Fear seems to be a constant theme on this podcast and it’s popped up in almost every conversation. It’s different for everyone. Fear of losing one’s job. Fear of judgement. Fear of not being good enough. Fear of being too demanding. Fear of asking too much. Fear of saying the wrong thing. Fear of being too confident, too bold, too much…

What stops you from making tough decisions? For me, it was the fear of ruining my career; the fear of not getting another great job. The fear of repercussions. So, why is it that fear is so popular amongst women (and especially women in media)?

When you look fear in the face, you’ll know exactly what you’re made of. Fear is fucking fascinating; it’s got two heads. It’s multi-purpose. Fear can make the best and worst of you. Fear can change you for better, and for worse. Fear can scare you into a terrible decision just as fast as it can encourage you to take an exciting risk. Fear, without a doubt, is POWERFUL.  

So, here goes… I just became a stat in the great resignation and left my job. A job that I absolutely loved. I handed in a resignation letter without even lining up a new full-time job. I carefully crafted this letter thinking about my team and the projects we had in front of us and the support they needed before determining the date. I wanted to respect my superiors on my way out, giving them ample time to work on the transition of duties. I wanted to leave with grace. And one of my greatest fears came true in the process: I didn’t get to say goodbye. I didn’t get a chance to say thank you to my colleagues or partners or the emerging musicians-turned-friends that have been the soundtrack to my last five years.
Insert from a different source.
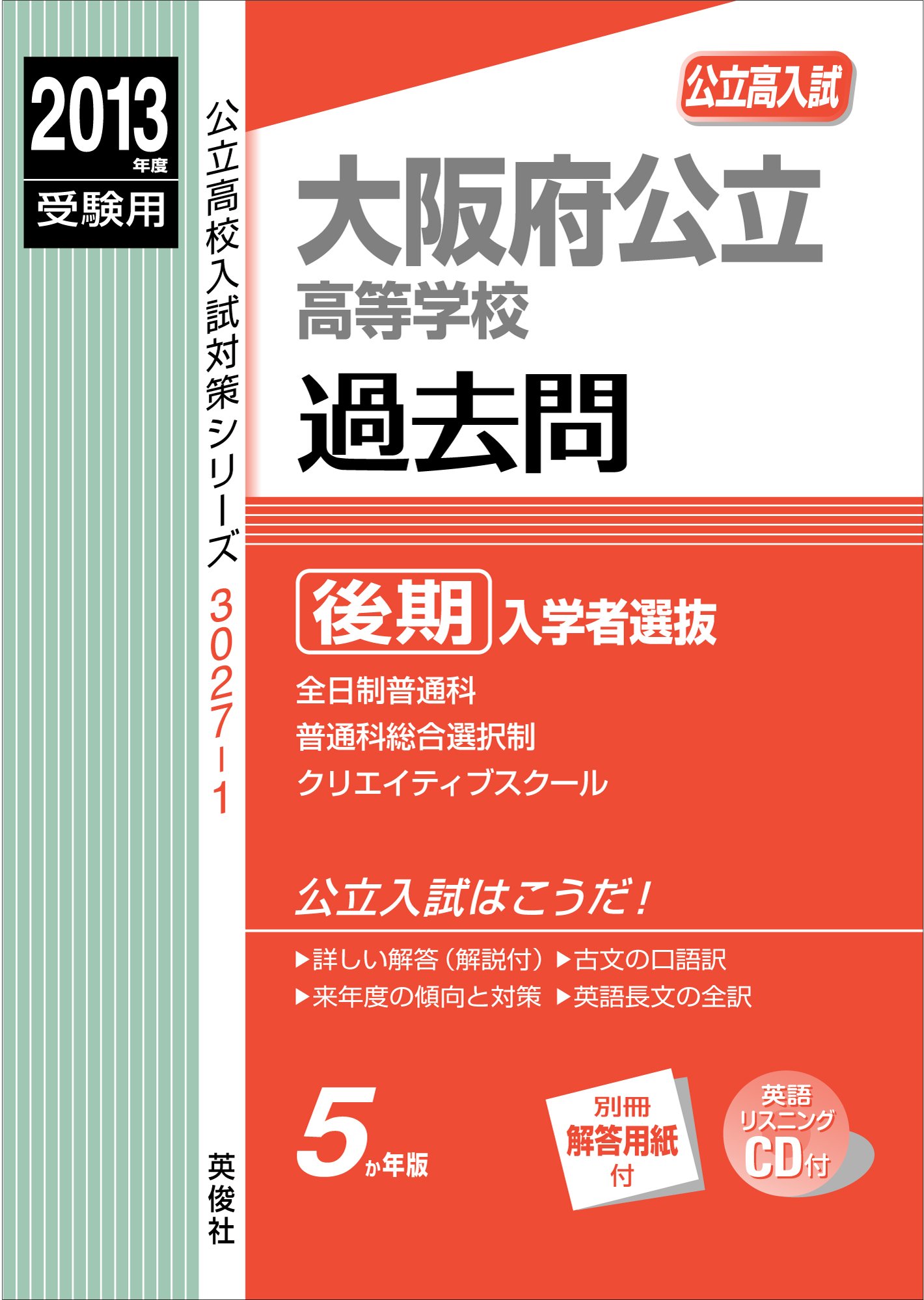 大阪府公立高等学校 後期入学者選抜 2013年度受験用 赤本30271 (公立高校入試対策シリーズ リスニングCD付)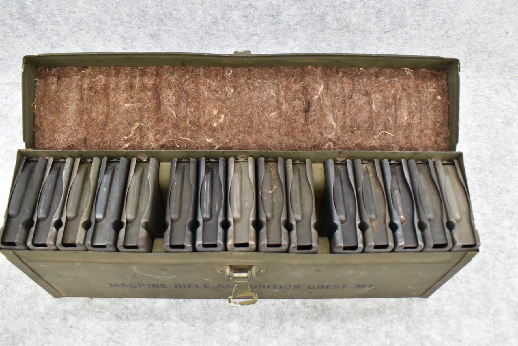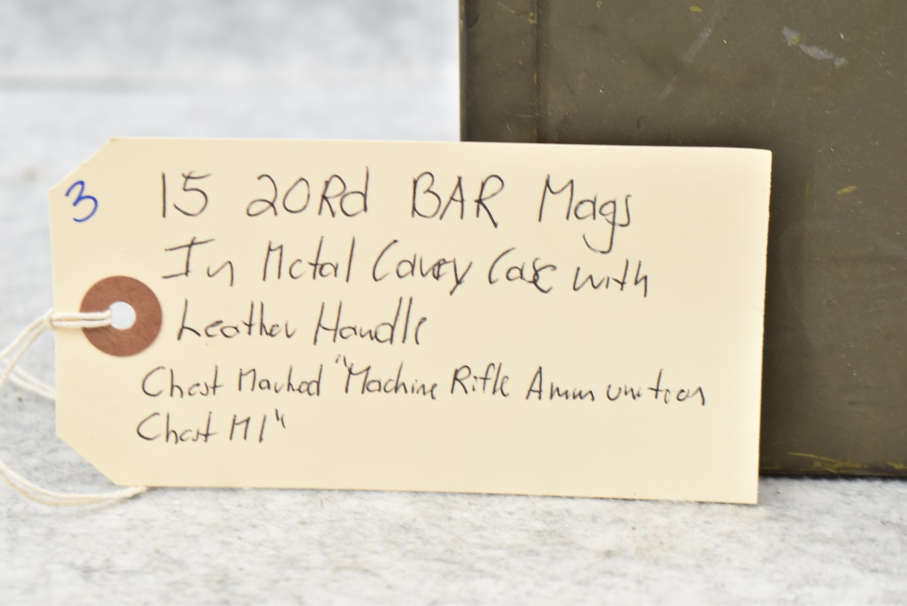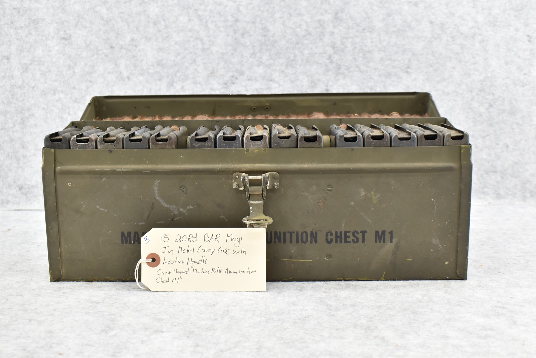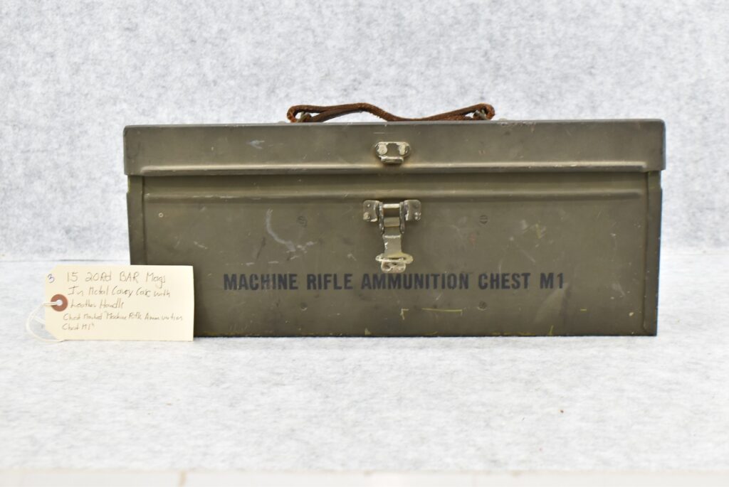 3. Fifteen 20Rd BAR Mags in Metal Carry Case w/Leather Handle – Chest Marked “Machine Rifle Ammunition Chest M1”

I have no choice but to remember that a proper goodbye is never guaranteed in this industry, and this was a business decision that I had no control over.  The only thing I could control was the literal words I’d put on the page, and what I would choose to take away from this experience. The lessons learned.

Forbes recently did a piece on the Great Resignation and shared some findings from an American survey that asks what the main causes are. The top three causes were low salary, limited career opportunities, and not feeling valued by management...interesting. Let’s unpack one more factor. I think this pandemic has forced many of us to look inwards, asking ourselves who we are, what we care about, and who we want to be next. A job doesn’t define you and that’s a lesson that I’ve needed to learn for a long time, but better late than never.

I made the decision to resign in the name of self-love and that concept is new for me. The challenges were outweighing the joy I once felt at work.  That may be shocking to some, but as thrilling as these last five years have been at a really exciting company, it became difficult to separate me from SiriusXM.  I also came to an important realization that helped me face my fear; my accomplishments will follow me. Just because you resign, it doesn’t erase what you’ve poured your heart and soul into for five years. It doesn’t end friendships that will continue for years to come. I’m grateful for the entire journey, though, and really excited for the future.

I have some thanks to give as I end this chapter, and I wasn’t given much else of a choice but to do this here. I want to thank SiriusXM and my colleagues for the last five years. I’ve learned so much about our business and the industry, but also about myself and what I’m capable of. 

Jeff: You are a beloved member of the music industry and I can’t thank you enough for taking a chance on me. Thanks for all of the memories at Americanafest and the CCMAs, and for showing me the ropes at SiriusXM. Most importantly, thanks for that little question you asked me on my first day at lunch: “How do you feel about working in country music?” I came to SiriusXM as a rock jock, and I’m leaving as someone who can program and appreciate every format of music. That little question changed the path of my entire career and I’ll be forever grateful for it. Thanks for all the times you said no and sent me back to the drawing board. Better ideas always came out of those moments. Thanks for all the times you said yes, too.

Craig: You’ve made me feel like family on several occasions and we’ve been through a lot together over the last few years. I can’t tell you how much I appreciate your approach to mental health and championing your people. You’ve been a real cheerleader for my work and the new ideas I brought to the table.  If only that water cooler beside your desk at the office could talk…oh the stories it would tell.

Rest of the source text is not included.